WORK REQUIRED: Set down each entry as it stands. Skip the pictures.

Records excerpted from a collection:

Content starts

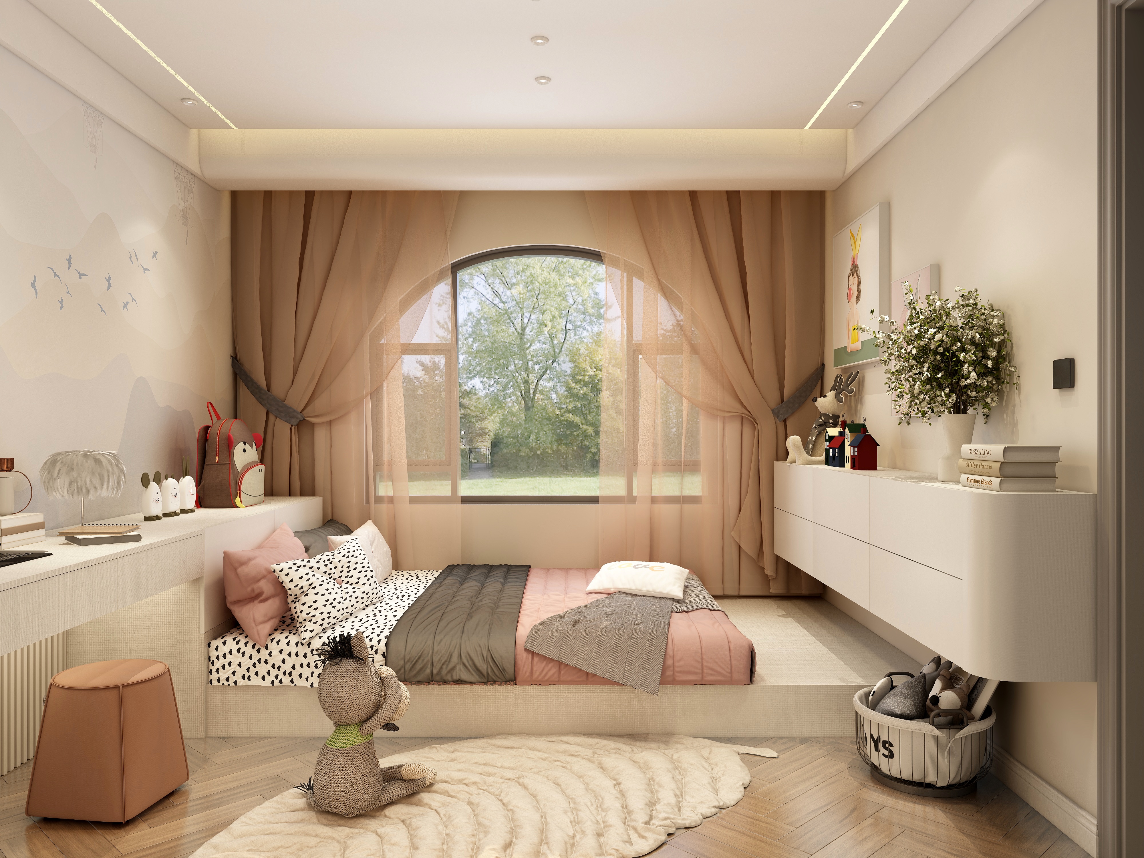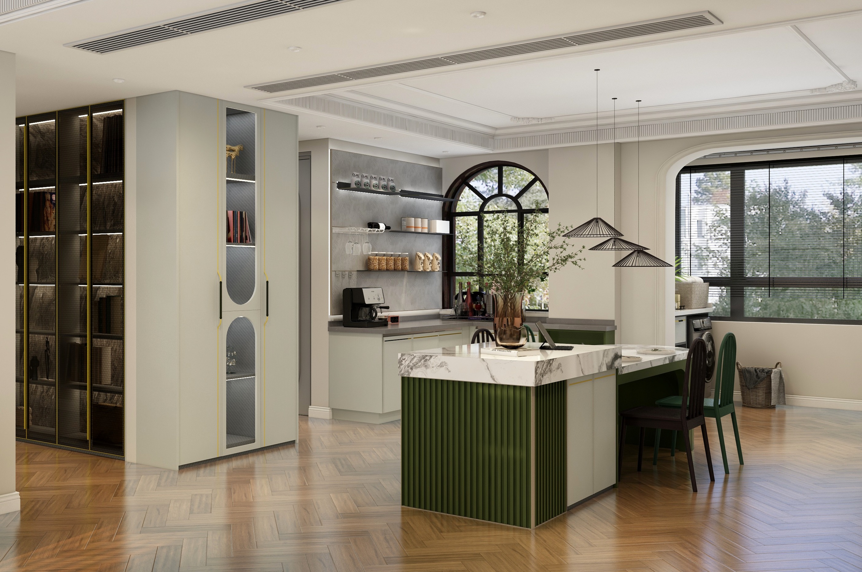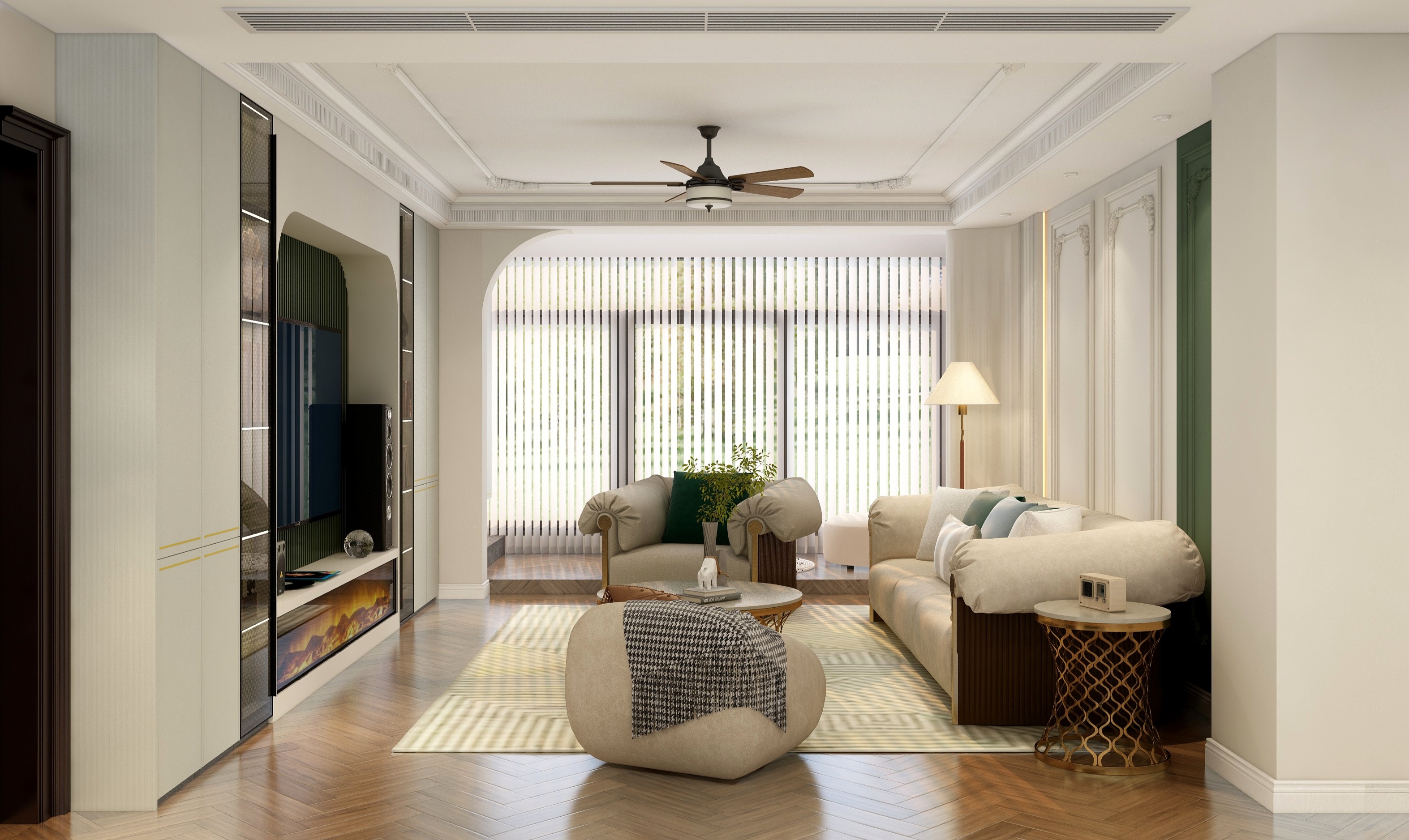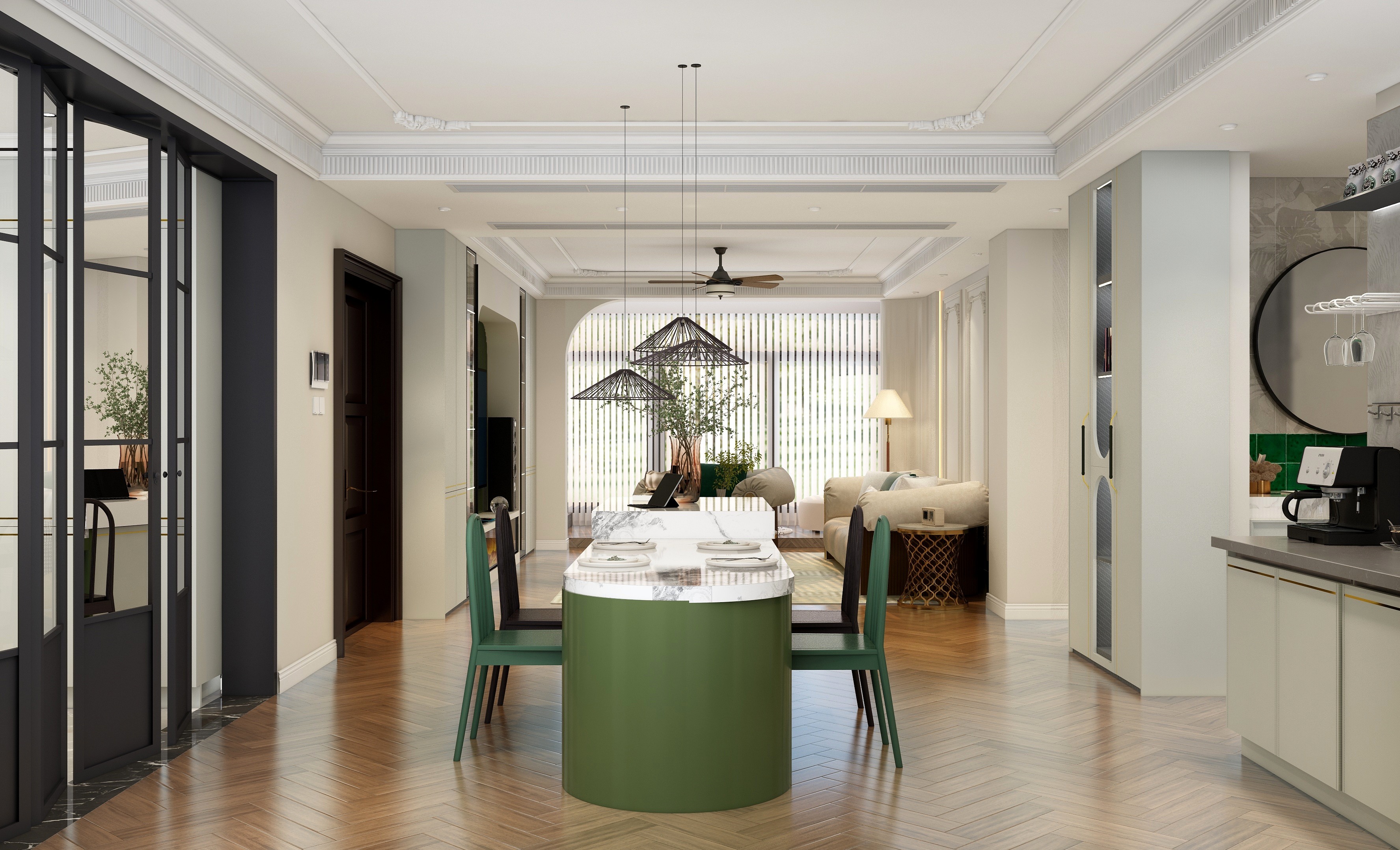 整體方案圍繞”個性“”復(fù)古“”生活化“三個關(guān)鍵詞進行設(shè)計,通過圓弧線條,加???然元素,將?然融??活,打造浪漫復(fù)古風(fēng)情。將整個空間合理利用,陽臺改成地臺,視角上擴大空間感,采用拱形門口隔斷,柔化空間線條,屋主的品味盡顯無疑。
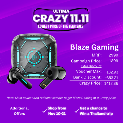 Ultima Blaze Gaming Earbuds with ANC | 42 Hours Playtime | 4 Mics with ENC | 15 Meters Range | Dual Tone with Blazing LEDs | Rampage Mode (40 MS) | IPX4 Rated | 5C BOOST Charging Wireless Earbuds
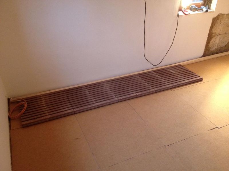 Beginnend mit einer Holzleiste und dann im Wechsel mit den Tonplatten, alles im Klicksystem Die Holzleisten dienen als Lager zur Befestigung der Dielen.
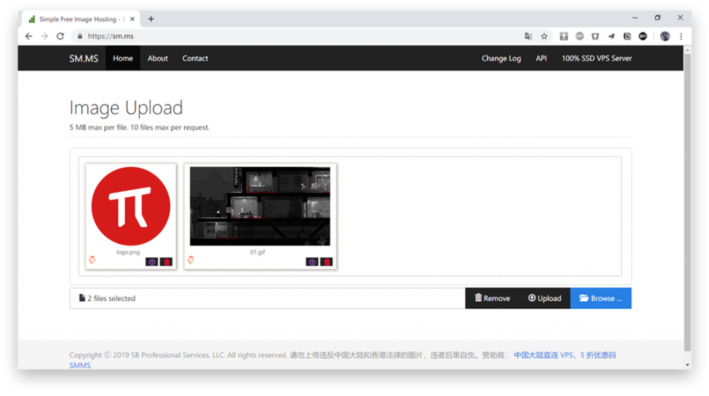 SM.MS 支持上传单张最大 5M 的图片,每次上传最多支持 10 张图片,适合作为主力图床使用。SM.MS 还提供了官方 iOS 和 Android 客户端,你可以在 App Store 或 Google Play 免费下载。你可以在 这里 使用 SM.MS。
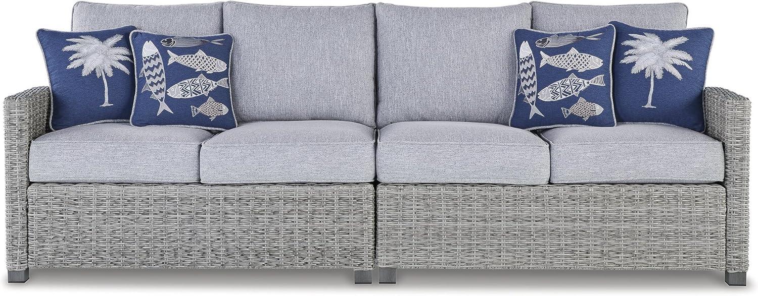 Signature Design by Ashley Naples Beach Curved Coastal 3-Piece Outdoor Sectional with Cushion and 6 Throw Pillows, Light Gray(Loveseat)
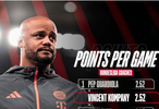 拜仁慕尼黑官方在今天发布了孔帕尼的数据海报,表示孔帕尼已经追平了瓜迪奥拉,成为德甲历史上场均获得积分最高的主教练之一。
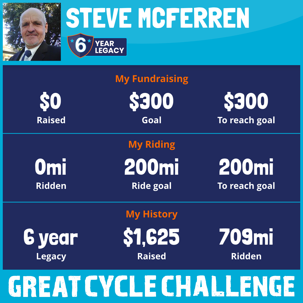 I've raised $0 My goal is $300 Donate Now
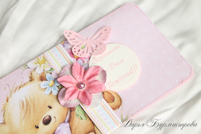 Маленький совет,чтобы лента одевалась легче слегка согните конвертик.Я украсила ленту цветком,вставила в серединку брадс-так цветочек будет сидеть надежнее!
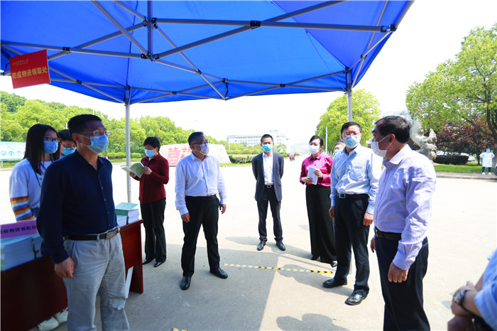 校党委书记许继荣,校长闵永新,副校长汪时珍、刘友忠,纪委书记胡腊香,校党委常委、研究生院院长吴琼、校党委常委、教务处处长苏本跃、校党委常委、组织部长余精华一行前往返校入学检查点和学生食堂,现场检查指导学生返校报到各项工作。
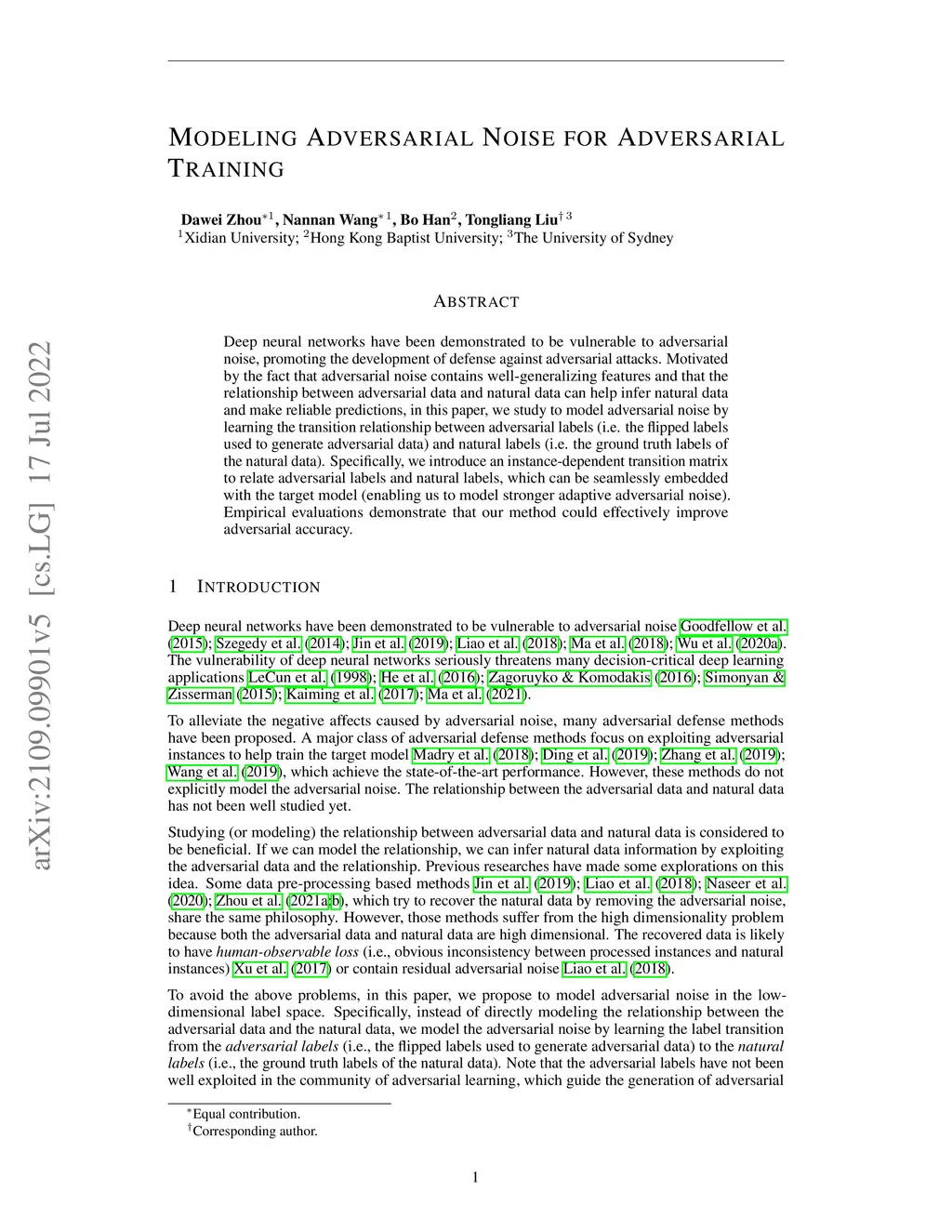 Modeling Adversarial Noise for Adversarial Training
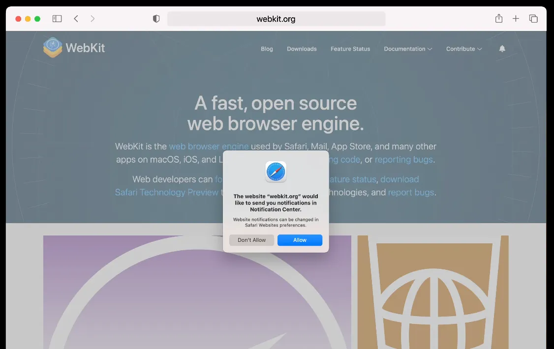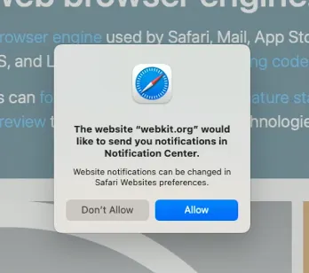 webkit.org는 종 모양을 눌러 허가를 요청합니다. 이는 사용자 제스처 요구 사항을 충족시킵니다.
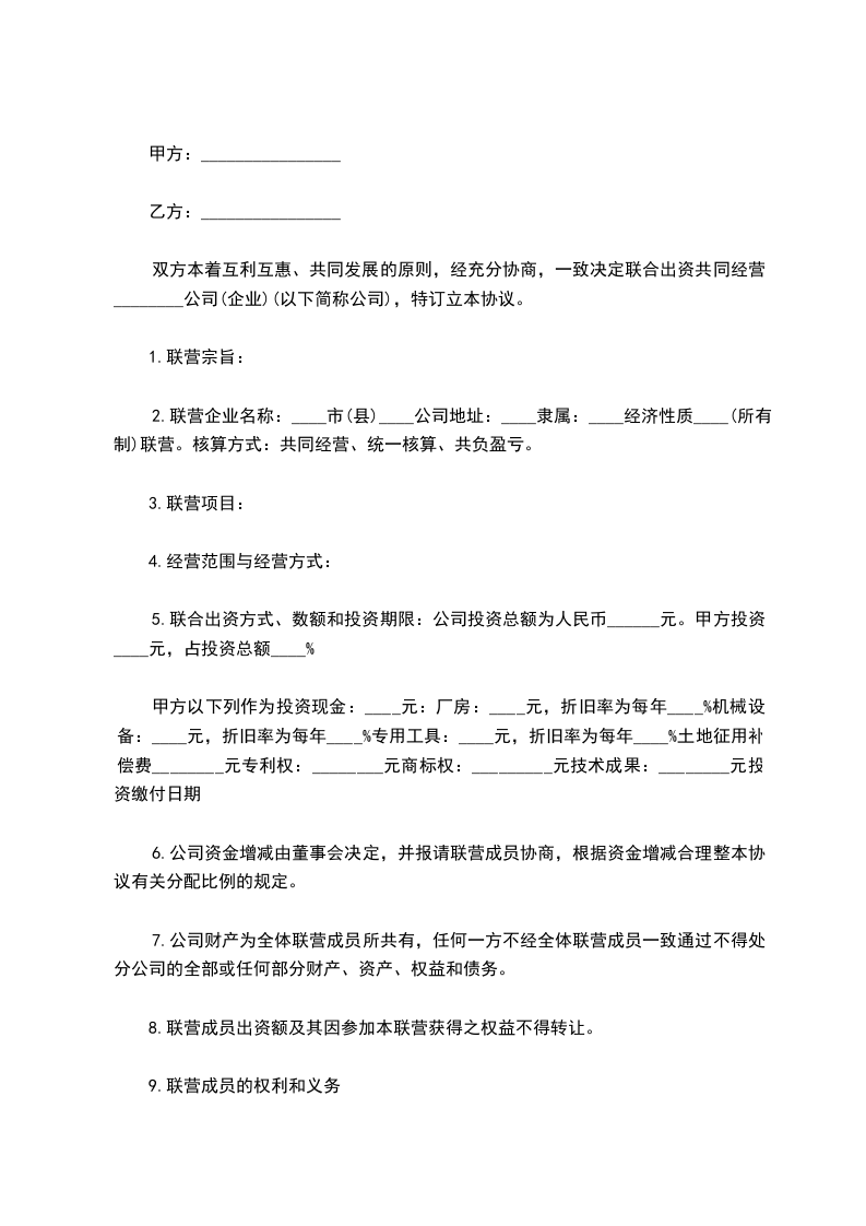 一、甲、乙、丙经协商,确定原座落于各种投入估价,人民币为上述投资原有甲方全额投资。

Content ends

SOLUTION TO THE PROBLEM:
 整體方案圍繞”個性“”復(fù)古“”生活化“三個關(guān)鍵詞進行設(shè)計,通過圓弧線條,加???然元素,將?然融??活,打造浪漫復(fù)古風(fēng)情。將整個空間合理利用,陽臺改成地臺,視角上擴大空間感,采用拱形門口隔斷,柔化空間線條,屋主的品味盡顯無疑。
 Ultima Blaze Gaming Earbuds with ANC | 42 Hours Playtime | 4 Mics with ENC | 15 Meters Range | Dual Tone with Blazing LEDs | Rampage Mode (40 MS) | IPX4 Rated | 5C BOOST Charging Wireless Earbuds
 Beginnend mit einer Holzleiste und dann im Wechsel mit den Tonplatten, alles im Klicksystem Die Holzleisten dienen als Lager zur Befestigung der Dielen.
 SM.MS 支持上传单张最大 5M 的图片,每次上传最多支持 10 张图片,适合作为主力图床使用。SM.MS 还提供了官方 iOS 和 Android 客户端,你可以在 App Store 或 Google Play 免费下载。你可以在 这里 使用 SM.MS。
 Signature Design by Ashley Naples Beach Curved Coastal 3-Piece Outdoor Sectional with Cushion and 6 Throw Pillows, Light Gray(Loveseat)
 拜仁慕尼黑官方在今天发布了孔帕尼的数据海报,表示孔帕尼已经追平了瓜迪奥拉,成为德甲历史上场均获得积分最高的主教练之一。
 I've raised $0 My goal is $300 Donate Now
 Маленький совет,чтобы лента одевалась легче слегка согните конвертик.Я украсила ленту цветком,вставила в серединку брадс-так цветочек будет сидеть надежнее!
 校党委书记许继荣,校长闵永新,副校长汪时珍、刘友忠,纪委书记胡腊香,校党委常委、研究生院院长吴琼、校党委常委、教务处处长苏本跃、校党委常委、组织部长余精华一行前往返校入学检查点和学生食堂,现场检查指导学生返校报到各项工作。
 Modeling Adversarial Noise for Adversarial Training
 webkit.org는 종 모양을 눌러 허가를 요청합니다. 이는 사용자 제스처 요구 사항을 충족시킵니다.
 一、甲、乙、丙经协商,确定原座落于各种投入估价,人民币为上述投资原有甲方全额投资。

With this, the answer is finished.